Bartov demonstrates that these five perspectives, rarely if ever previously discussed in a single book, are inextricably linked, and shed much light on each other. Thus the Holocaust and other genocides must be seen as related catastrophes in the modern era; understanding such vast human tragedies necessitates scrutinizing them on the local and personal scale; this in turn calls for historical empathy, accomplished via personal-biographical introspection; and true, open-minded, and rigorous introspection, without which historical understanding tends toward obfuscation, brings to light uncomfortable yet clarifying connections, such as that between the Holocaust and the Nakba, the mass flight and expulsion of the Palestinians in 1948.
Omer Bartov is an Israeli-born historian.
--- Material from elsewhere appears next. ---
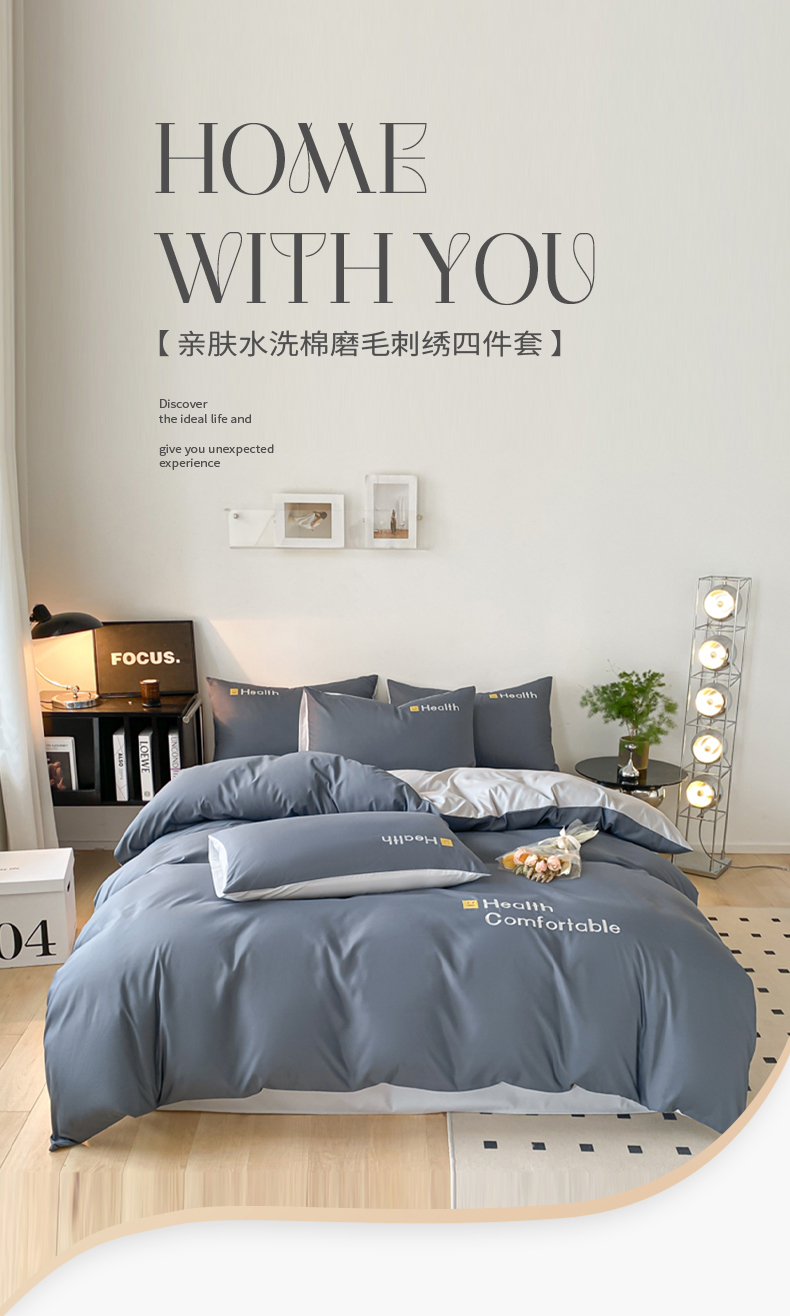 (总)欣晴家纺 2025新款亲肤水洗棉磨毛刺绣四件套-挚爱系列,粉玉+浅灰,焦糖+米驼,米白,米白+浅灰,米黄+粉玉,米黄+焦糖,米驼,米驼+深灰,浅灰+米驼,深灰+浅灰

He is the Samuel Pisar Professor of Holocaust and Genocide Studies at Brown University, where he has taught since 2000. Bartov is a noted historian of the Holocaust and is considered one of the world's leading authorities on the subject of genocide.
“The genocide of the Jews was part of a vast plan to entirely alter the democratic structure of Eastern Europe by ethnically cleansing its mostly Slav populations and resettling it with ethnic Germans. The plan could not be implemented because of Germany’s inability to win the war against the Soviet Union, and the only part of it that was carried out was the extermination of the Jews. (p.16)”.
Half of those murdered in the final solution did NOT die in extermination camps, but “in their own homes and streets, cemeteries and synagogues, in nearby hills, forests and ravines.” “The murderers often knew their victims by name and saw them face-to-face just before they shot them …[they were] often people they had known for years as classmates, colleagues and neighbors.” Townspeople made profits from this “butchery” - “there was a shop in the city where the clothes of the murdered were sold cheaply.”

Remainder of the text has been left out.